Logo Design Love

For graphic designers and all who love logos.

Red Cross logo

red cross logo

Design by Henri Dunant, 1863.

The emblem of a red cross with arms of equal length on a white background is the visible sign of protection under the 1949 Geneva Conventions. As such, it is the emblem of the armed forces’ medical services.

red cross flag

In order to avoid ‘semantic noise’, the International Red Cross uses the Red Crescent name and trademark in some Arab World countries—with a predominantly Muslim population.

Origin of the emblems

The Red Cross emblem is an inversion of the Swiss flag, which shows a white cross on a red background. This recognises the historic connection between Switzerland and the original Geneva Convention of 1864.

But while the Red Cross emblem has no intentional religious meaning, the symbol reminded soldiers from the Ottoman Empire (modern-day Turkey) of the crusaders of the Middle Ages and so in 1876 they began using a Red Crescent instead.

Johnson & Johnson sue Red Cross over logo

In 2007, Johnson & Johnson sued the Red Cross over their logo.

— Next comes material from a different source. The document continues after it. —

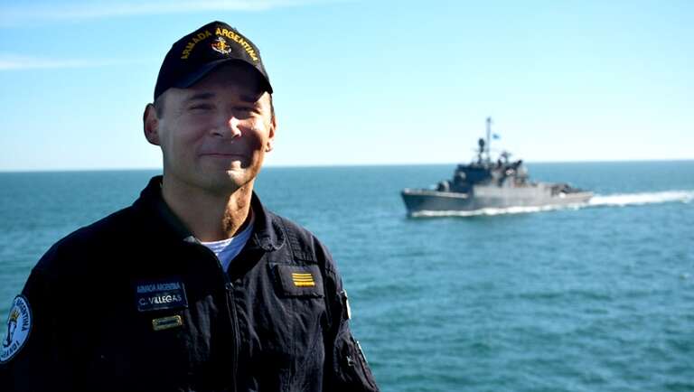 El Suboficial Principal Carlos Alberto Villegas tiene 49 años, 28 de los cuales los ha vivido en la Armada Argentina como radarista. Dejó su campo añorado en General Pico por una carrera profesional en el mar que, siente, le estaba predestinada en su vida. Este año, fue destinado como Suboficial de Unidad del destructor ARA “Sarandí”, Encargado del bienestar general de sus casi 200 tripulantes.

“Johnson & Johnson began using the red cross design as a trademark in 1887—some years after the creation of the American Red Cross but before it received its congressional charter in 1900. The lawsuit contends that the charter did not empower the Red Cross to engage in commercial activities competing with a private business.”

Further reading:

Logo Design Love: A Guide to Creating Iconic Brand Identities

13 appreciated comments

  1. Very very good post!!!
    I’ll post it in my Brazilian blog.

    After I come back and set link here!

    Regards
    Daniel

  2. Oh wow, I didn’t know that the red crescent is used in Muslim countries. You always teach me something new, David! Thanks!

    LaurenMarie – Creative Curio’s last blog post…My Adventures in Letterpress Continued

  3. Hi Daniel, Lauren,

    Glad you liked the post. There’s also a third emblem used by the Red Cross:

    An additional protective emblem – the red crystal – was established in 2005. It has equal status and meaning to the red cross and red crescent emblems.

  4. David,

    I heard about this when it happened. It’s utterly silly. Normally I’d think yeah, protect it, but they’ve lived side-by-side for a very long time. Johnson & Johnson has made themselves sound like petty bullies on this.

    Regards,

    Kelly

  5. I like this post. I remember when I was the president of the Red Crescent Society (similar like Red Cross) when I was 12 years old.

    Regarding the crescent as symbol of Islam (during Ottoman Empire), maybe you would like to check out my Islamic Arts Club blog about it.

    Moon and star – A symbol of Islam?

    I hope you don’t mind I’m posting this link.

    Cheers David

  6. Kelly,

    That’s what I thought when I first heard the headline, what with people associating the Red Cross with non-profit activities. I think it all came about when they started actually selling good, which changes things, but I don’t know too much about it.

    Rafie,

    I don’t mind you posting a link, not at all. I visited your ISAC blog, and you might want to fix the ‘about us’ link in the footer. There’s a missing slash which breaks it.

  7. Vijay Tamang

    I wonder what the red color used in red cross logo really means. Can anybody tell me that? Would be great.

  8. Kate

    So nothing about the protection of the emblem under the Geneva Convention, and the rules regarding its use? This is perhaps the most important fact, and one people fail to recognise or respect.

  9. john mcnally

    The symbol of the Red Cross, which represents mercy and help to persons in need, is usually thought to have originated in recent times, but it was actually first used by St. Camillus when he founded the order of ministers of the sick. Source: Saints for the Sick.